Insurance and pressure on the small-inde label

Finalised FCA guidance on GI distribution chain 

On 19 November 2019, the FCA published its finalised guidance on the general insurance (GI) distribution chain (FG19/5). https://www.fca.org.uk/publication/finalised-guidance/fg19-05.pdf

The guidance, addressed to GI firms and providers, gives further clarity on what the FCA expect firms to do in the GI and pure protection sector. 

In particular, it explains how firms should consider the value that the product and distribution arrangements present to the customer.

All parties are now responsible for everything, and that is what is driving the paranoia of due diligence reports, intensive applications for agencies that involve in depth compliance reports and interviews, and it is driving a more centralised model where product providers own the distribution. 

FCA say:

Firms must put in place a product approval process, covering product design and review  

As part of this process, we expect manufacturers to consider the value that the product presents for its intended customers (the target market) and how the distribution chain

affects overall value. 

" Manufacturers have an obligation to ensure the distribution strategy is consistent with the identified target market."

That means that the providers must create a biz plan and they pretty much need your name on it.  

In business we all try and take advantage of change, and the implications here are clear. 

The small-inde label is under pressure as never before, and the tide is moving towards a tie to a selected range of providers.
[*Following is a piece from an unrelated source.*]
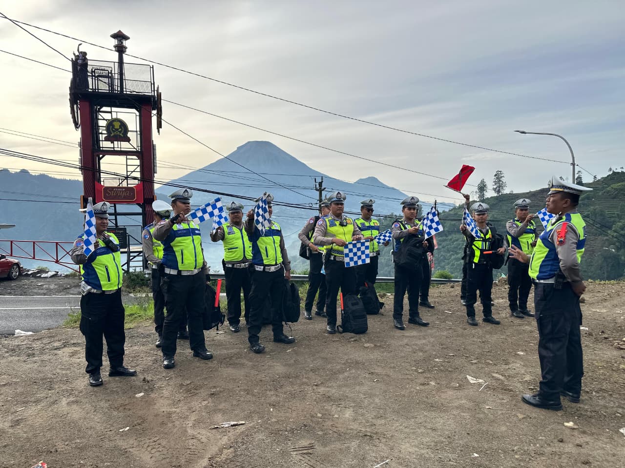Wonosobo — Satuan Lalu Lintas Polres Wonosobo menggelar apel pengecekan kelengkapan personel dalam rangka persiapan pengamanan malam Tahun Baru 2026 di jalur dan objek wisata Dieng. Apel dilaksanakan di Pos Polisi Gardu Pandang, Selasa pagi, 30 Desember 2025.

There are key examples of situations which are directly relevant to all financial services

FCA say where firms should be particularly vigilant are:

  • A distributor receiving a level of remuneration which bears no reasonable relationship to their costs or workload to distribute the product. This imbalance between remuneration and cost/effort could incentivise the firm to sell a product which does not provide value to the customer.
  • A distributor receiving significant remuneration, but where their involvement in the distribution chain provides little or no benefit beyond that which the customer would receive from the product anyway. This imbalance could indicate that the customer is being charged for a service that provides little benefit.
  • A distributor receiving remuneration which incentivises them to propose or recommend a product which either does not meet the customer’s needs, or does not meet them as well as another product would do.